如果你对这篇内容有疑问,欢迎到本站社区发帖提问 参与讨论,获取更多帮助,或者扫码二维码加入 Web 技术交流群。

绑定邮箱获取回复消息
由于您还没有绑定你的真实邮箱,如果其他用户或者作者回复了您的评论,将不能在第一时间通知您!
发布评论
评论(14)
通过使用
merge
函数及其可选参数:内连接:
merge(df1, df2)
适用于这些示例是因为 R 自动通过公共变量名称连接框架,但您很可能希望指定merge(df1, df2, by = "CustomerId")
以确保您仅匹配您想要的领域。如果匹配变量在不同的数据框中具有不同的名称,您还可以使用by.x
和by.y
参数。外连接:
merge(x = df1, y = df2, by = "CustomerId", all = TRUE)
左外:
merge(x = df1, y = df2, by = "CustomerId", all.x = TRUE)
右外部:
merge(x = df1, y = df2, by = "CustomerId", all.y = TRUE)
交叉联接:
merge(x = df1, y = df2, by = NULL)
就像内部联接一样,您可能希望显式地将“CustomerId”传递给 R作为匹配变量。我认为最好明确地声明要合并的标识符;如果输入 data.frames 意外更改,则更安全,并且以后更易于阅读。您可以通过给
by
一个向量来合并多列,例如by = c("CustomerId", "OrderId")
。如果要合并的列名称不同,您可以指定,例如
by.x = "CustomerId_in_df1", by.y = "CustomerId_in_df2"
,其中CustomerId_in_df1
是第一个数据框中的列名称,CustomerId_in_df2
是第二个数据框中的列名称。 (如果您需要合并多列,这些也可以是向量。)By using the
merge
function and its optional parameters:Inner join:
merge(df1, df2)
will work for these examples because R automatically joins the frames by common variable names, but you would most likely want to specifymerge(df1, df2, by = "CustomerId")
to make sure that you were matching on only the fields you desired. You can also use theby.x
andby.y
parameters if the matching variables have different names in the different data frames.Outer join:
merge(x = df1, y = df2, by = "CustomerId", all = TRUE)
Left outer:
merge(x = df1, y = df2, by = "CustomerId", all.x = TRUE)
Right outer:
merge(x = df1, y = df2, by = "CustomerId", all.y = TRUE)
Cross join:
merge(x = df1, y = df2, by = NULL)
Just as with the inner join, you would probably want to explicitly pass "CustomerId" to R as the matching variable.I think it's almost always best to explicitly state the identifiers on which you want to merge; it's safer if the input data.frames change unexpectedly and easier to read later on.You can merge on multiple columns by giving
by
a vector, e.g.,by = c("CustomerId", "OrderId")
.If the column names to merge on are not the same, you can specify, e.g.,
by.x = "CustomerId_in_df1", by.y = "CustomerId_in_df2"
whereCustomerId_in_df1
is the name of the column in the first data frame andCustomerId_in_df2
is the name of the column in the second data frame. (These can also be vectors if you need to merge on multiple columns.)您也可以使用Hadley Wickham的Awesome dplyr 包装。
突变连接:使用DF2
过滤连接中的匹配点在DF1中添加列:DF1中的行过滤器,请勿修改列
You can do joins as well using Hadley Wickham's awesome dplyr package.

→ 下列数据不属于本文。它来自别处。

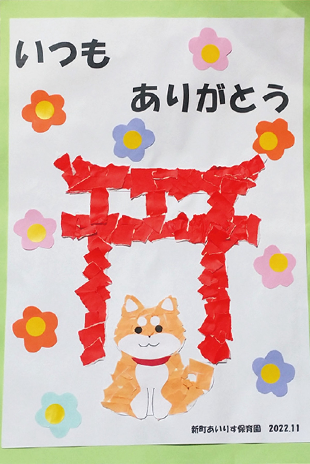 新町あいりす保育園の園児たちが11月23日の「勤労感謝の日」にあわせ、地域を回り日頃の感謝を伝えた。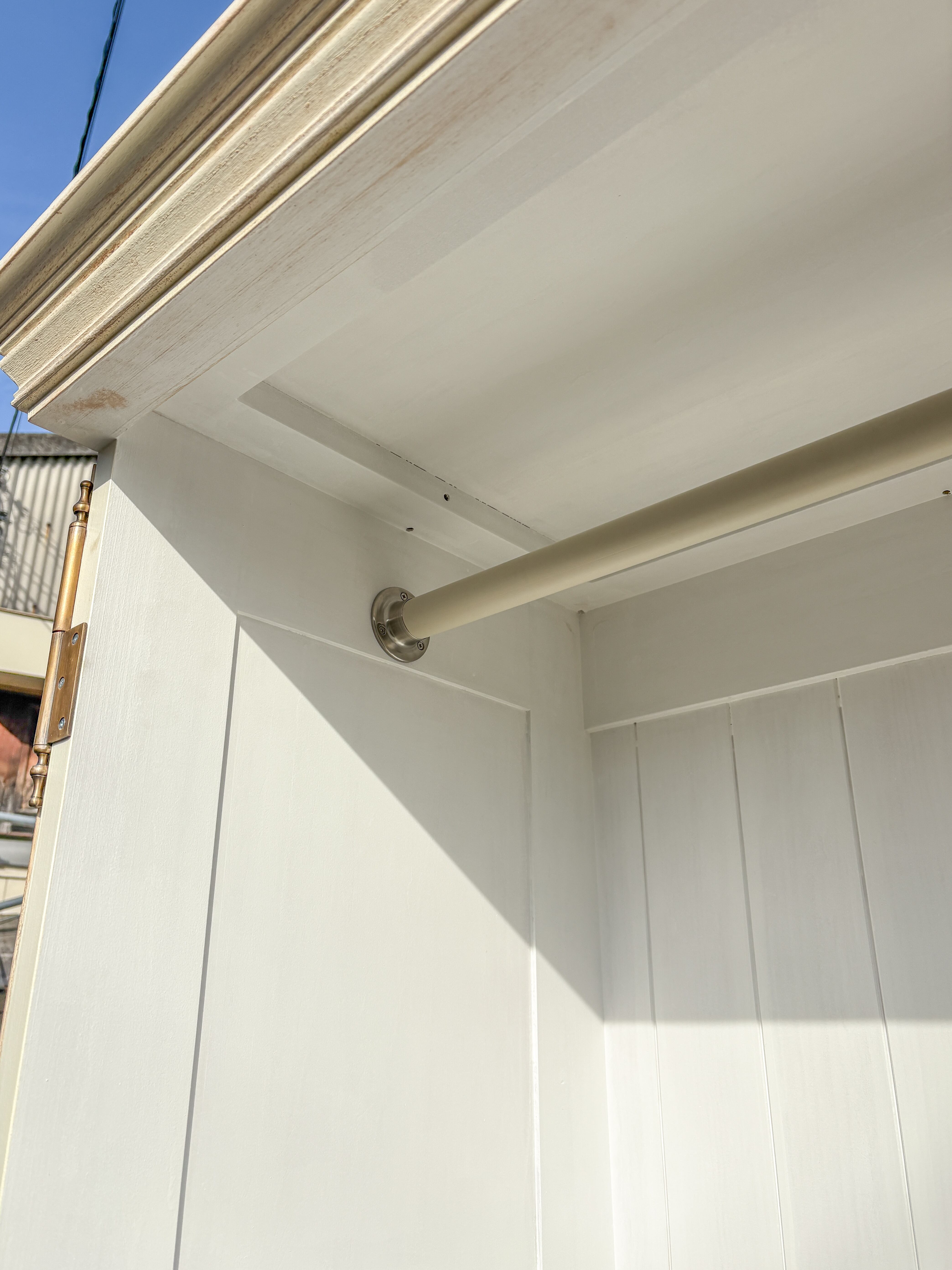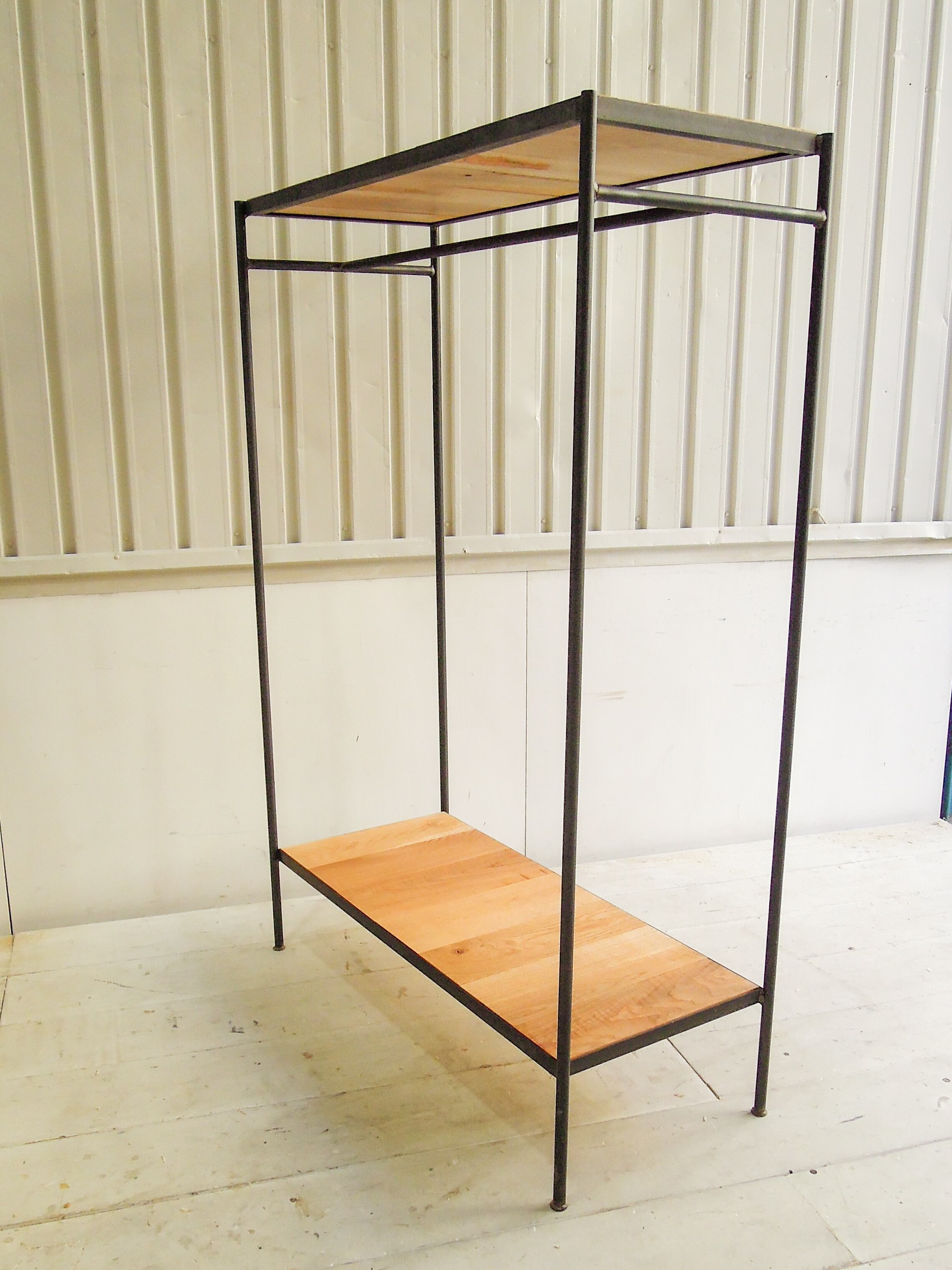 写真のサイズはW1000、D450、H15000mm、サイズオーダー対応いたします。ハンガースペースは1170mm、底板は床から175mm浮いています。ブラックアイアンは日本製。棚は人気の木材ホワイトオーク材を使いました。参考写真はクリア色、その他21色からお選びいただけます。

Mutating joins: add columns to df1 using matches in df2
Filtering joins: filter out rows in df1, don't modify columns
我建议您查看 Gabor Grothendieck 的 sqldf 包,它可以让您用SQL来表达这些操作。
我发现 SQL 语法比其 R 语法更简单、更自然(但这可能只是反映了我对 RDBMS 的偏见)。
有关联接的更多信息,请参阅 Gabor 的 sqldf GitHub。
I would recommend checking out Gabor Grothendieck's sqldf package, which allows you to express these operations in SQL.
I find the SQL syntax to be simpler and more natural than its R equivalent (but this may just reflect my RDBMS bias).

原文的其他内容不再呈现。